Leanne Ratcliffe (Freelee the Bananagirl) is an Australian YouTube personality, vegan activist, speaker, and author. She is the creator of the YouTube channel Freelee The BananaGirl, where she talks about her diet, exercise and lifestyle. Her channel accumulated over 780 thousand subscribers and 330 million views.

Ratcliffe started her channel to keep a record of her progress and to spread awareness about her diet techniques. In one video, she recalls some of her previous career path choices. She was a bartender, a promoter for an alcohol brand, a snack vendor at a movie theater, a receptionist and for some time she also worked at McDonald's.
She gained online popularity in 2014 after promoting a controversial "extreme" vegan diet. In 2017, Ratcliffe moved to the jungle of Northern Queensland where she lives "off grid" with her partner, though some outlets mistakenly stated that she had moved to a South American jungle.

Popularity
Ratcliffe calls her diet "frugivorous," though this is a zoological term for species which thrive on a diet consisting mostly of fruit. Her dietary practices are more accurately described as "fruititarian, although she also includes starchy and non-vegetables, and small quantities of nuts and seeds ." Ratcliffe counters arguments against a high carbohydrate diet with examples of and references to the eating habits of the longest surviving Asian cultures. She maintains that a low fat and low salt diet is the key to effectively extracting nutrition from any kind of diet. It is worth noting that traditional Asian cuisine is typically higher in protein, fat, and salt than her suggested diet, with soy based protein, nuts, legumes, cooked cereal grains, seafood, eggs, modest amounts of poultry and pork often being included, as well as the use of heat. She has been featured in publications such as Men's Fitness, Huffington Post, Daily Mail and News.com.au.
Her YouTube channel is popular with around 780K+ subscribers and over 330 million views. She is also active on other social media platforms like Facebook, Instagram and Twitter where she has amassed a significant following.

Nickname
Freelee the Banana Girl draws her nickname from a combination of the word "Freedom," her first name, "Leanne," and her fruit of choice, bananas.

Controversy 
The fruitarian diet promoted by Ratcliffe is not considered advisable by many, if not all, mainstream nutritionists. Specifically, there are concerns that raw vegan diets which restrict nuts and seeds are too low in essential amino acids, fats, calcium, iodine, iron, and omega 3 fatty acids.

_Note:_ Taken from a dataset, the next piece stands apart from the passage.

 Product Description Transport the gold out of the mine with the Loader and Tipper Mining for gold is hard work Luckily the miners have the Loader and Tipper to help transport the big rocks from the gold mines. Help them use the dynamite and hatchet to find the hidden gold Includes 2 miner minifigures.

Ratcliffe has been known for controversial, and scientifically unsubstantiated claims.  After the death of teenage makeup guru, Talia Castellano (known as Taliajoy18 on YouTube), Ratcliffe published a video claiming that Castellano's death could have been prevented had she forgone chemotherapy in favor of a raw food vegan diet. Ratcliffe also claimed that chemotherapy was a dangerous, poisonous, and ineffective treatment for cancer.

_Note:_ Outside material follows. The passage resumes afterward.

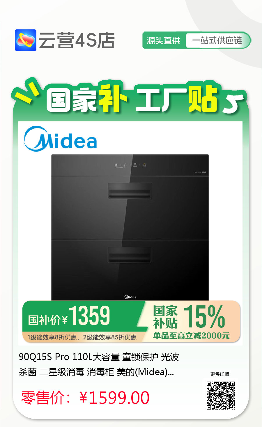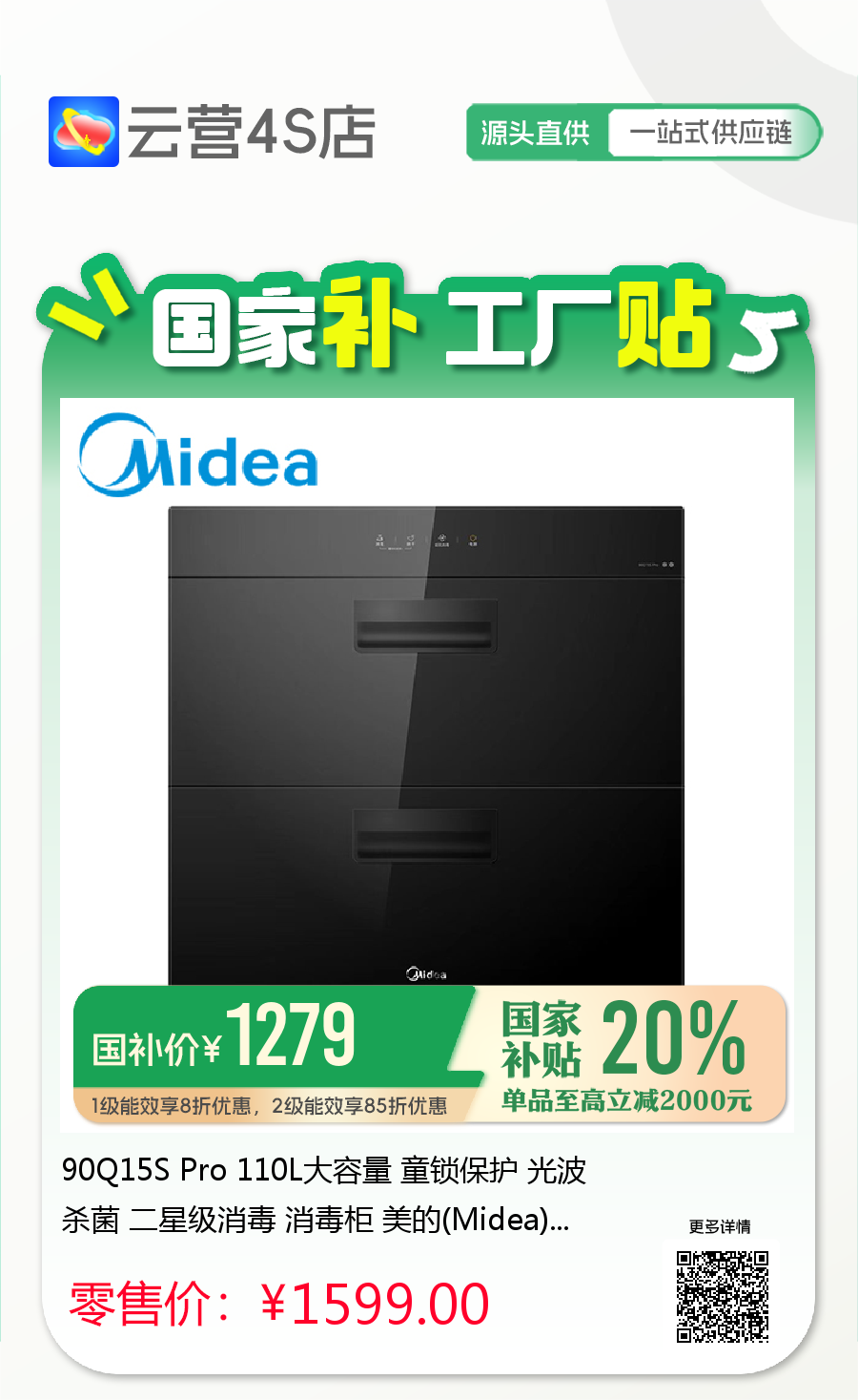 90Q15S Pro 110L大容量 童锁保护 光波杀菌 二星级消毒 消毒柜 美的(Midea)

Ratcliffe has claimed that amenorrhea (the absence of her period) for nine months was a sign that her body was healthy and had fewer "toxins" to flush out via menstruation. In reality, amenorrhea in women of child-bearing age is frequently a result of low body weight, poor nutrition, disordered eating, and other illnesses. Additionally, maintaining living conditions resulting in secondary amenorrhea may result in infertility and osteoporosis, which is not always reversible. There is no scientific evidence that menstruation is a way for the body to "flush out toxins."

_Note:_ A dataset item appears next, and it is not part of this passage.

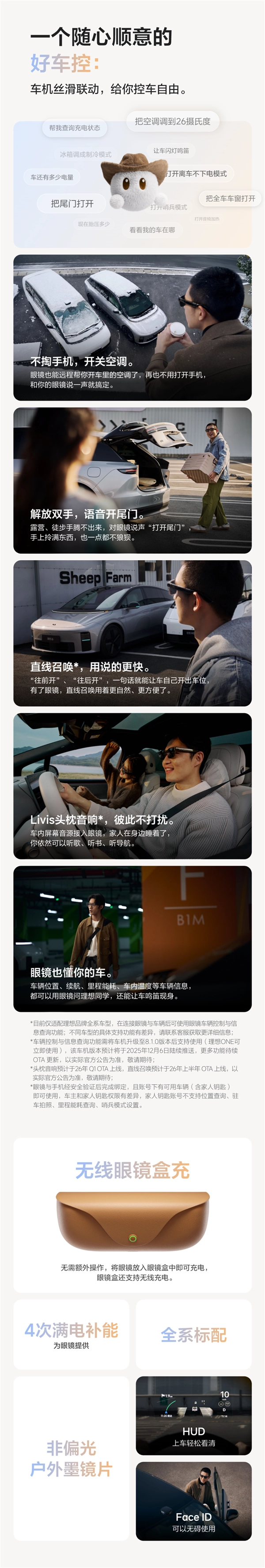 同时,这款眼镜能与理想车机联动并实现车辆操控,涵盖直线召唤、后备厢开关、侧滑门控制、空调开启以及方向盘加热等功能,而且全系都标配了无线眼镜盒充电装置,让充电过程变得极为便捷。

Ratcliffe has made many controversial statements criticizing the appearances of critics, other YouTube personalities, and overweight people in general. Ratcliffe posted a video in which she stated that more deaths were caused in the 9/11 terrorist attacks because of "obese people" blocking the doors, not allowing "fit people" to pass through.

After the end of her relationship to fellow YouTube personality, Harley 'Durianrider' Johnstone, allegations emerged of physical abuse from both parties and emotional abuse on the part of Ratcliffe.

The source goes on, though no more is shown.